Поначалу неизменной текла и внешняя ее жизнь, но, подтачивая спокойную форму, неправилен стал тот свежий, холодный тон самодержавной души, силой которого владела она днями и ночами своими. Не было в ней ни гнева, ни сожаления, ни разочарования, ни грусти, ни зависти; холодно отвернулась она от грез, холодно взглянула она на то, что встало непокорным перед ее волей, и оставила его вне себя. Она стала жить, как жила раньше; немного повеселее, немного лишь просторнее и общительнее. Галль уехал с полком в отдаленную колонию; она пожалела об этом. Все реже, все мертвеннее, как болезнь или причуду, о которой не с кем говорить так, чтобы понял то и правильно оценил собеседник, вспоминала она дни, павшие как разрыв в пену ее жизни, и Друда вспоминала скорее как наитие, сверкнувшее формой человеческой, чем как живое лицо, руку которого держала в своей.
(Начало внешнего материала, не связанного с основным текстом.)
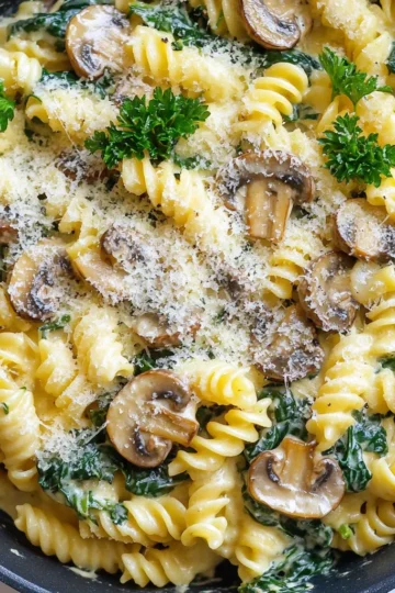 - Parmesan Spinach Mushroom Pasta Skillet Delight

Но отдыхом лишь мелькнул этот спокойный один месяц: уже мрак был близко; он постучал и вошел.
Он вошел в серый день тумана, — в мозг, нервы и кровь, сразу, как, чуть покрапав, льет затем дождь. То было после беспокойного сна. Еще чуть светало; Руна проснулась и села, не зная, чем вернуть сон; сна не было, ни мыслей не было, ни раздражения — ничего.
Взгляд ее блуждал размеренно, от пола и мебели направляясь вверх, как смотрим мы в поисках опорной точки для мысли. И вот увидела она, что спальня высока и светла, что музы и гении, сплетшиеся на фигурном плафоне, одержимы стройным полетом, и в чудовищной живости предстали ей неподвижные создания красок. — «Они летят, летят», — сказала, присмирев, девушка; широко раскрыв глаза, смотрела она душой, теперь еще выше и дальше, за отлетающие пределы здания, в ночную пустоту неба. Тогда, с остротой иглы, приставленной к самым глазам, Друд вспомнился ей сразу, весь; высоко над собой увидела она его тень, движения и лицо. Он мчался, как брошенный, свистя, нож. Тогда не стало уже и малейшего уголка памяти, в котором не запылал бы нестерпимый свет точного, второго переживания; снова увидела она толпу, цирк и себя; хор музыки рванул по лицу ветром мелодии, и над озаренной ареной, поднявшись неуловимым толчком, всплыл как поднятая свеча тот человек с прекрасным и ужасным лицом.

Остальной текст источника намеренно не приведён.